Leo Tolstoy: War and Peace

BOOK ELEVEN: 1812
32. CHAPTER XXXII (continued)

Those eyes, filled with happy tears, gazed at him timidly, compassionately, and with joyous love. Natasha's thin pale face, with its swollen lips, was more than plain- it was dreadful. But Prince Andrew did not see that, he saw her shining eyes which were beautiful. They heard the sound of voices behind them.

Peter the valet, who was now wide awake, had roused the doctor. Timokhin, who had not slept at all because of the pain in his leg, had long been watching all that was going on, carefully covering his bare body with the sheet as he huddled up on his bench.

"What's this?" said the doctor, rising from his bed. "Please go away, madam!"

At that moment a maid sent by the countess, who had noticed her daughter's absence, knocked at the door.

Like a somnambulist aroused from her sleep Natasha went out of the room and, returning to her hut, fell sobbing on her bed.

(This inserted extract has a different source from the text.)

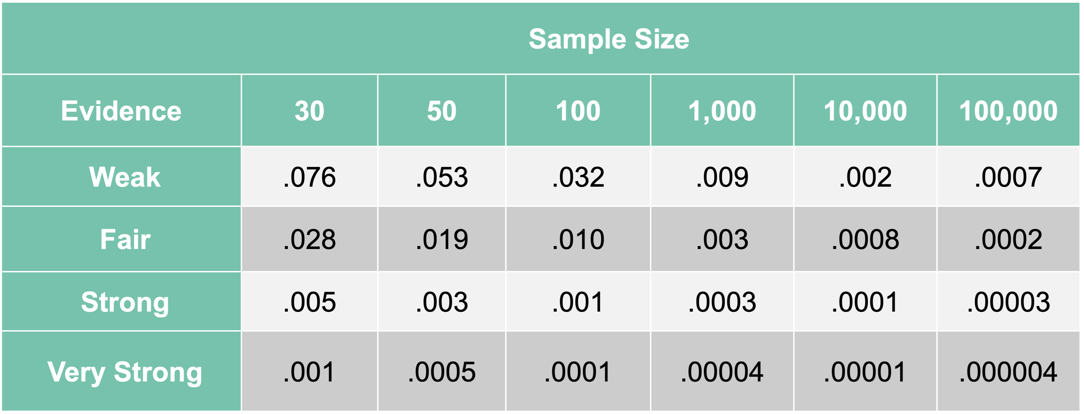 As we can see, an \(\alpha\)-level of 0.05 is good for sample sizes of about 50 for finding weak relationships. For the sample size of our data, a cut-off of about 0.009 is much more reasonable. We still want to find anything with at least a weak relationship with our target since we don’t want to be too restrictive this early on.

From that time, during all the rest of the Rostovs' journey, at every halting place and wherever they spent a night, Natasha never left the wounded Bolkonski, and the doctor had to admit that he had not expected from a young girl either such firmness or such skill in nursing a wounded man.

Dreadful as the countess imagined it would be should Prince Andrew die in her daughter's arms during the journey- as, judging by what the doctor said, it seemed might easily happen- she could not oppose Natasha. Though with the intimacy now established between the wounded man and Natasha the thought occurred that should he recover their former engagement would be renewed, no one- least of all Natasha and Prince Andrew- spoke of this: the unsettled question of life and death, which hung not only over Bolkonski but over all Russia, shut out all other considerations.